START Record extracts
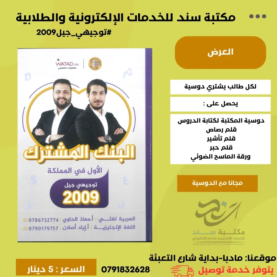 بنك الأسئلة المشترك (عربي+انجليزي) 2009 - الحاوي وأصلان ف1
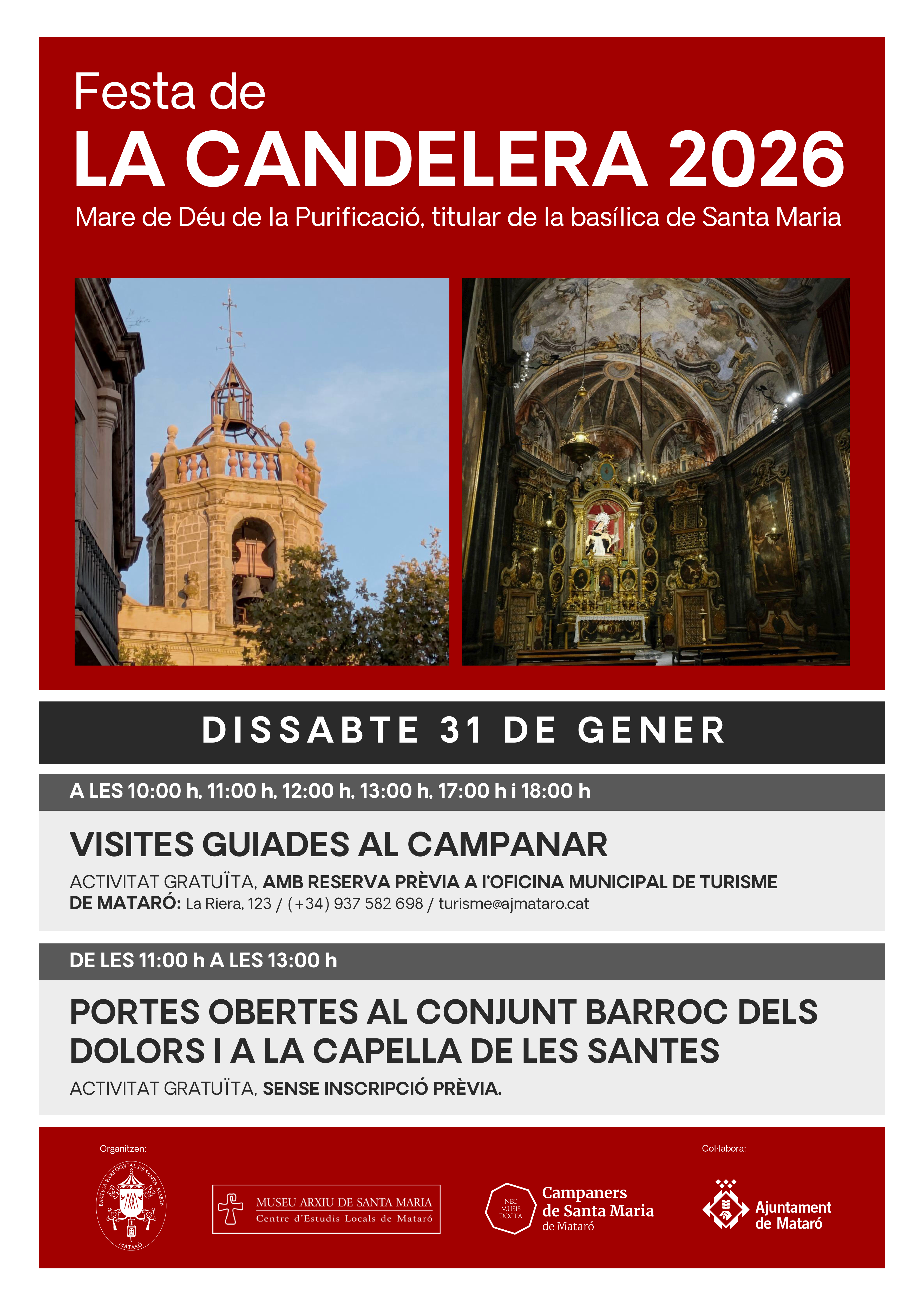 El dissabte 31 de gener, durant tot el dia hi haurà visites guiades al campanar, en sis torns d’una hora de durada (10, 11, 12, 13, 17, 18 h), i el punt de trobada serà la plaça de Santa Maria, a peu de campanar. L’activitat és gratuïta, amb inscripció prèvia, a partir de divendres 23 de gener, a l’Oficina Municipal de Turisme de La Riera, 123 (edifici del Cafè Nou), al telèfon 937 582 698 o al correu turisme@ajmataro.cat. El mateix dia, entre les 11 i les 13 h, hi haurà portes obertes a la capella dels Dolors, un dels espais més importants del barroc català que custodia un extraordinari conjunt pictòric sorgit del taller d’Antoni Viladomat, i a la capella de les Santes, que conté les relíquies de santa Juliana i santa Semproniana, el retaule en baix relleu obra de l’escultor Jordi Puiggalí, les grans pintures de Miquel Massot, el principal col·laborador de Josep Maria Sert, i les despulles del Doctor Josep Samsó i Elias, rector de la parròquia, assassinat el 1936. Activitat gratuïta i sense inscripció prèvia.
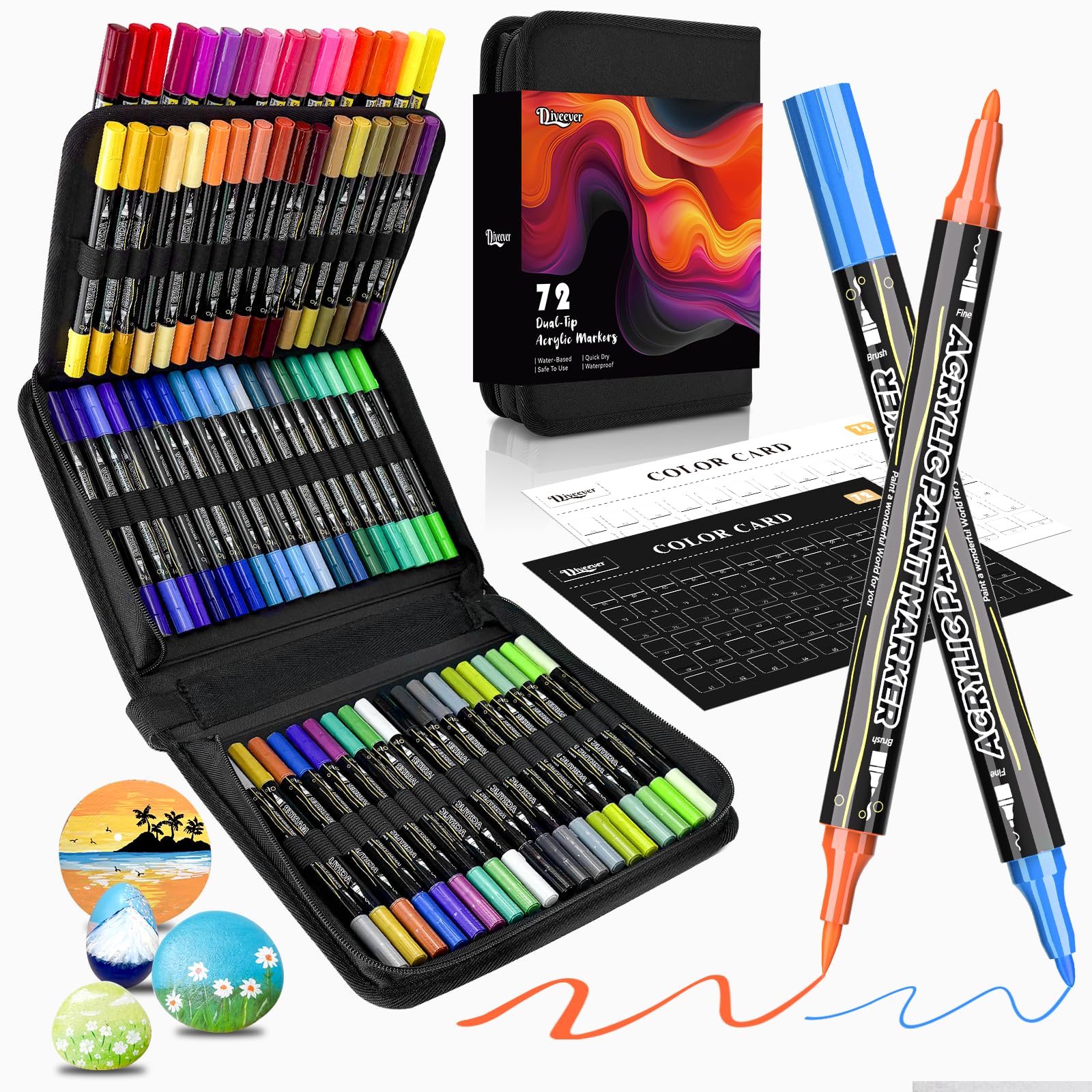 Bolígrafos de pintura acrílica de 72 colores, marcadores de pintura acrílica de doble punta con punta de pincel y punta fina, marc
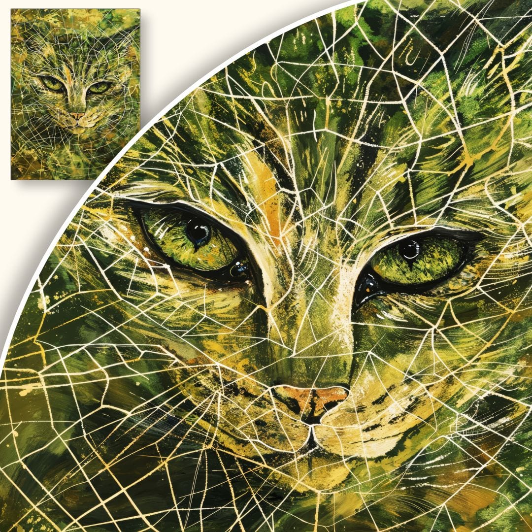 W obrazie przeważają odcienie zieleni i żółci, a każdy szczegół przyciąga spojrzenie bogactwem form. Odpowiednio rozłożone światło subtelnie akcentuje teksturę kociej sierści, podczas gdy energetyczne linie abstrakcyjnej sieci wzmacniają dynamikę i wyrazistość dzieła.
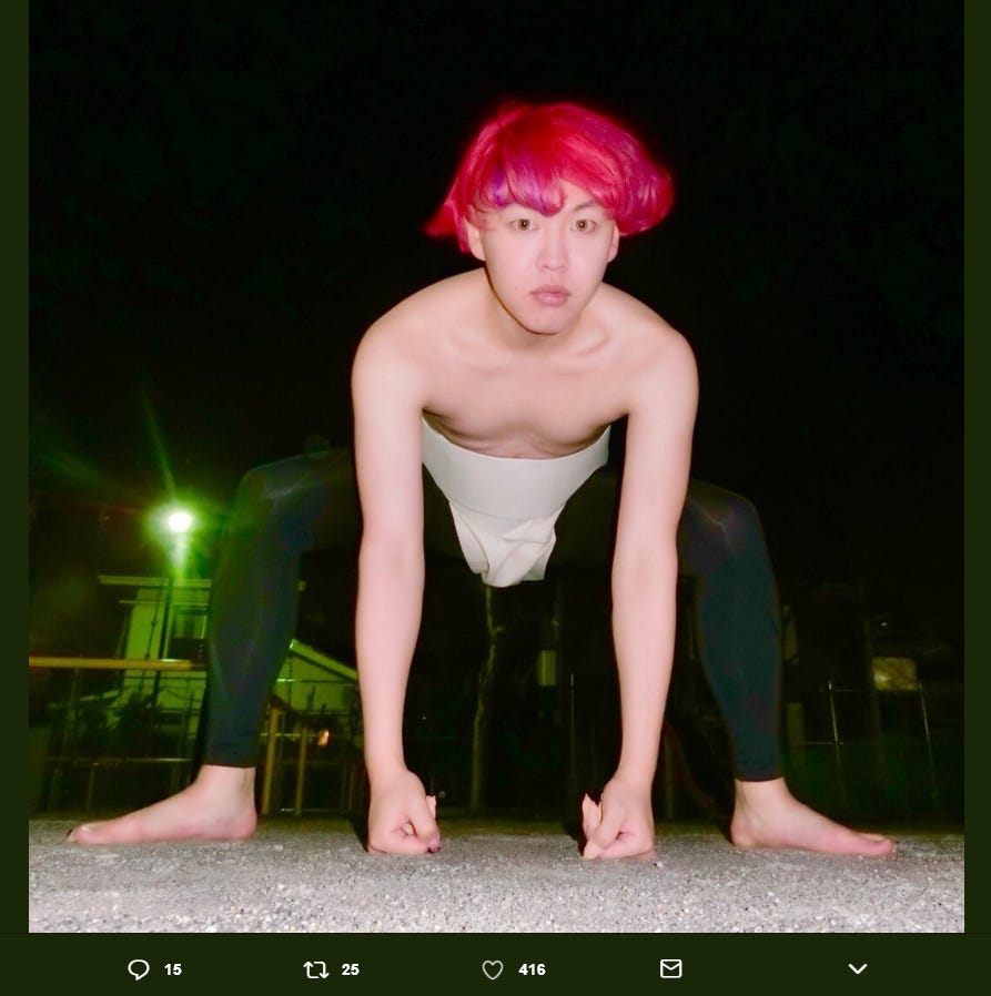 新世代おネエタレントのぺえが19日、自身のTwitterを更新。まわし姿を披露した。
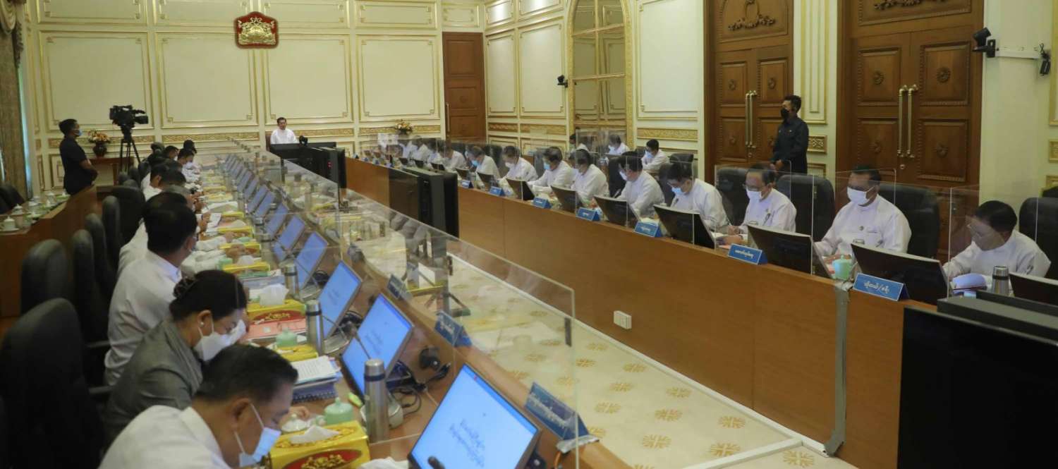 ပြည်ထောင်စုအစိုးရအဖွဲ့အစည်းအဝေး အမှတ်စဉ်(၈/၂၀၂၂)ကို ယနေ့မွန်းလွဲပိုင်းတွင် နေပြည်တော်ရှိ နိုင်ငံတော်စီမံအုပ်ချုပ်ရေးကောင်စီဥက္ကဋ္ဌရုံး အစည်းအဝေးခန်းမ၌ ကျင်းပရာ နိုင်ငံတော်စီမံအုပ်ချုပ်ရေးကောင်စီဥက္ကဋ္ဌ နိုင်ငံတော်ဝန်ကြီးချုပ် ဗိုလ်ချုပ်မှူးကြီးမင်းအောင်လှိုင် တက်ရောက်အမှာစကားပြောကြားသည်။
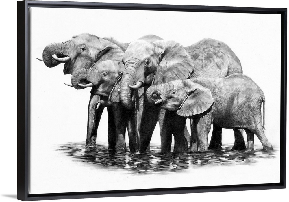 <p>A pencil drawing of a group of elephants taking a drink.</p>
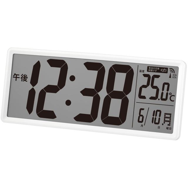 ●共用スペースでも使える大型表示の電波時計 ●時刻を自動修正する電波時計 ●温度、カレンダー、電波受信マーク、電池交換お知らせ表示機能付き ●掛け置き(背面スタンド)兼用で広くご利用いただけます
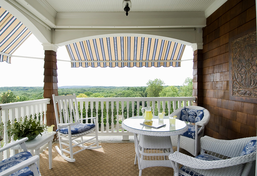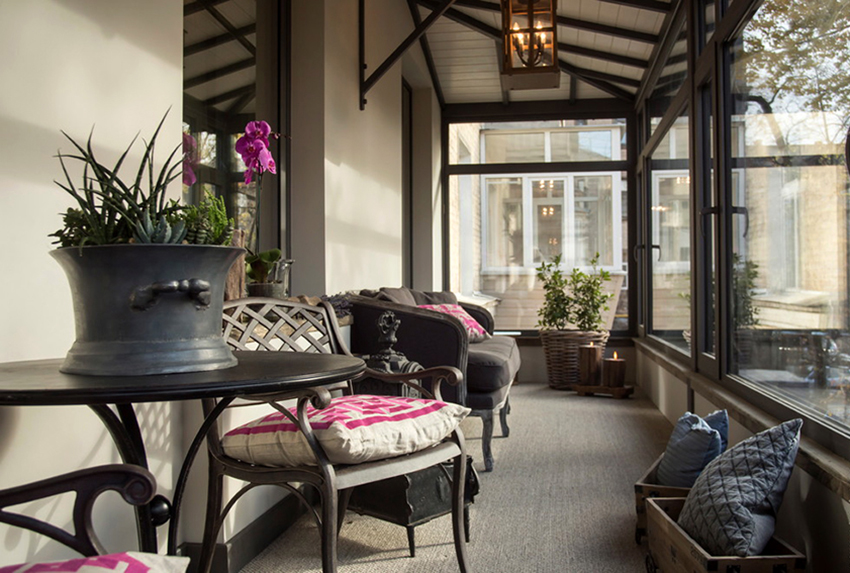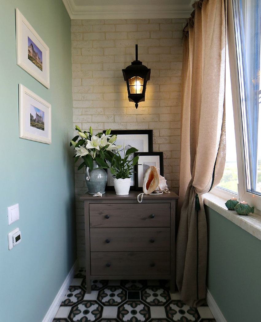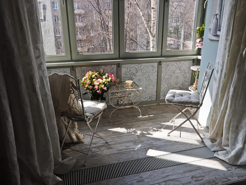 Provence. Perbezaan ciri gaya adalah kehadiran perabot dan aksesori vintaj. Nada semasa adalah ungu, biru pucat, pirus dan lavender. Sangat popular menggunakan batu dan kayu untuk hiasan. Lantai dan siling terbuat dari kayu semula jadi. Adalah wajar untuk memasang sofa dengan banyak bantal di balkoni.
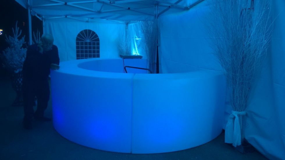Le bar lumineux est modulaire, tout en courbes, réalisé en polyéthylène blanc, il se prête parfaitement aux espaces en plein air allant des jardins privatifs aux locaux tendance ou a l'intérieur d'une tente. Un heureux mariage esthétique et fonctionnel.
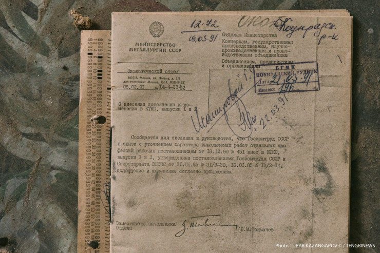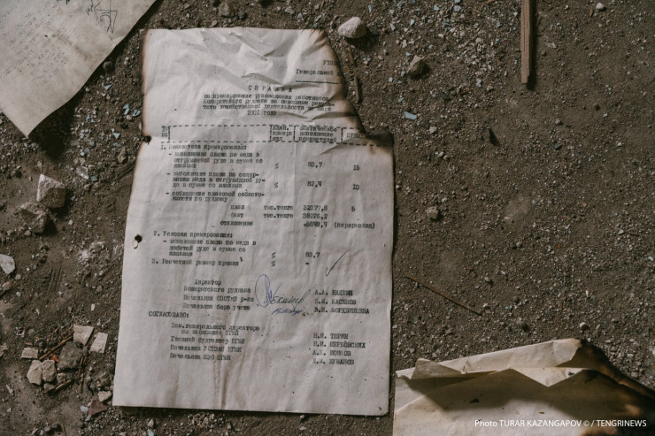 Среди найденных здесь документов есть и относящийся уже к периоду независимости. Это немного обгоревшая справка на премирование руководящих работников Коныратского рудника. Было это в 2001 году.
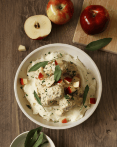 Meatball goals achieved! Juicy apple pork meatballs in a dreamy Dijon cream sauce. Because life’s too short for boring dinners. Who’s ready to dive in?
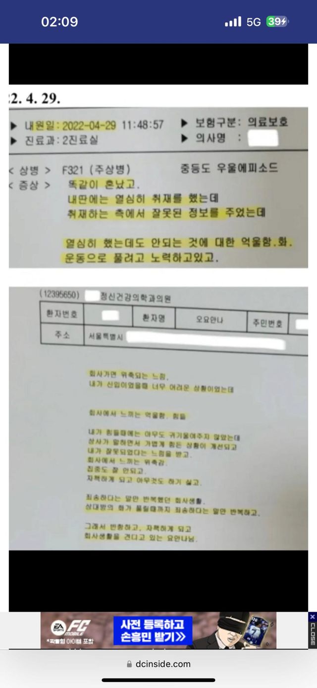 진료 기록을 보면 22년에 이미 정신과 진료를 받았네요
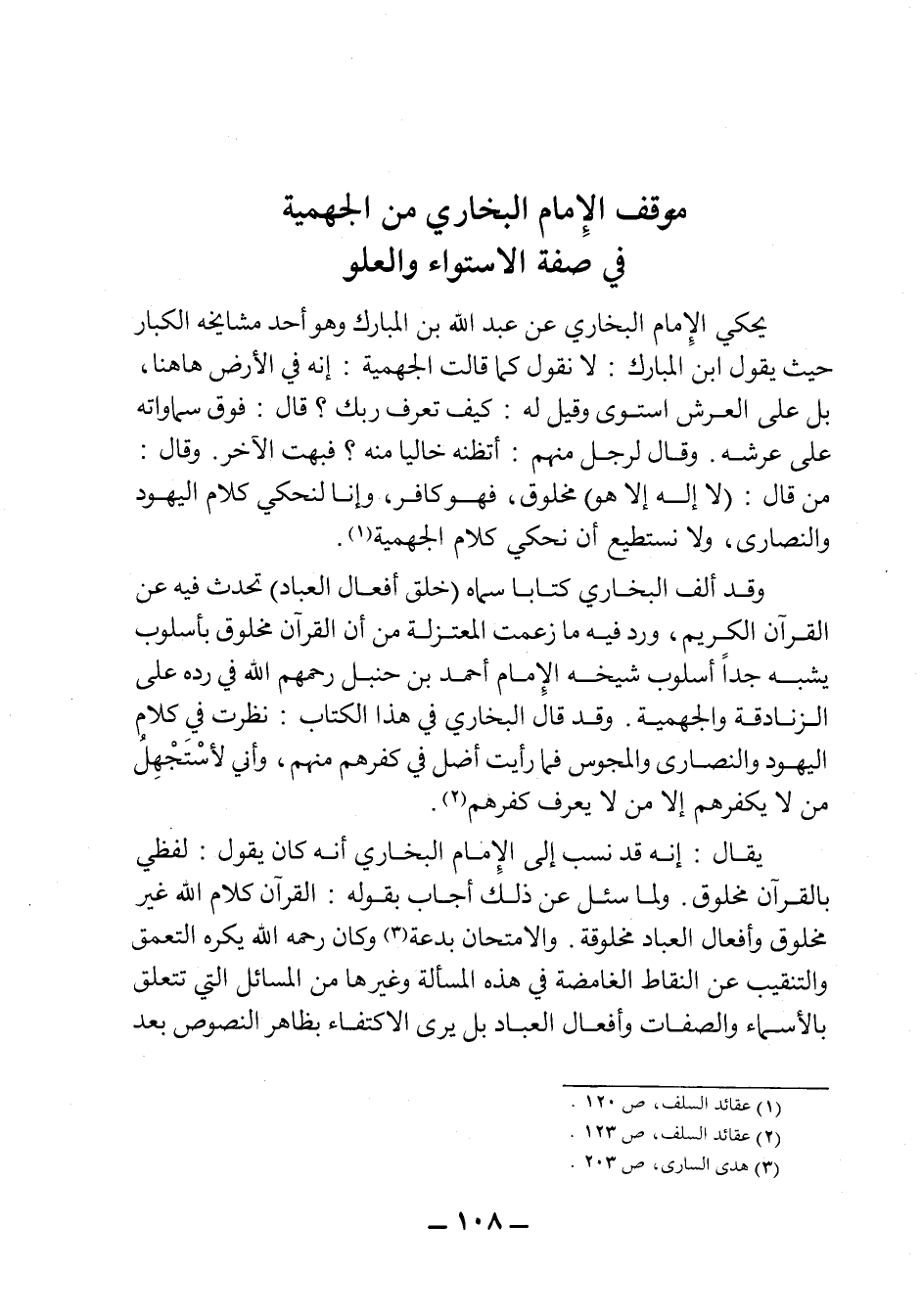 يحكي البخاري عن عبد الله بن المبارك، وهو أحد مشايخه الكبار حيث يقول ابن المبارك: لا نقول كما قالت الجهمية: إنه في الأرض هاهنا، بل على العرش استوى، وقيل له: كيف تعرف ربك؟ قال: فوق سماواته على عرشه، وقال لرجل منهم: أتظنه خالياً منه؟ فبهت الآخر. وقال من قال: (لا إله إلا هو) مخلوق، فهو كافر، وإنا لنحكي كلام اليهود والنصارى، ولا نستطيع أن نحكي كلام الجهمية1.
END Record extracts
In the records above, locate the line containing "진료 기록을 보면 22년에 이미 정신과 진료를 받았네요", then copy exactly that line and every line after it through the end, omitting pictures.

→ **Finished task**
 진료 기록을 보면 22년에 이미 정신과 진료를 받았네요
 يحكي البخاري عن عبد الله بن المبارك، وهو أحد مشايخه الكبار حيث يقول ابن المبارك: لا نقول كما قالت الجهمية: إنه في الأرض هاهنا، بل على العرش استوى، وقيل له: كيف تعرف ربك؟ قال: فوق سماواته على عرشه، وقال لرجل منهم: أتظنه خالياً منه؟ فبهت الآخر. وقال من قال: (لا إله إلا هو) مخلوق، فهو كافر، وإنا لنحكي كلام اليهود والنصارى، ولا نستطيع أن نحكي كلام الجهمية1.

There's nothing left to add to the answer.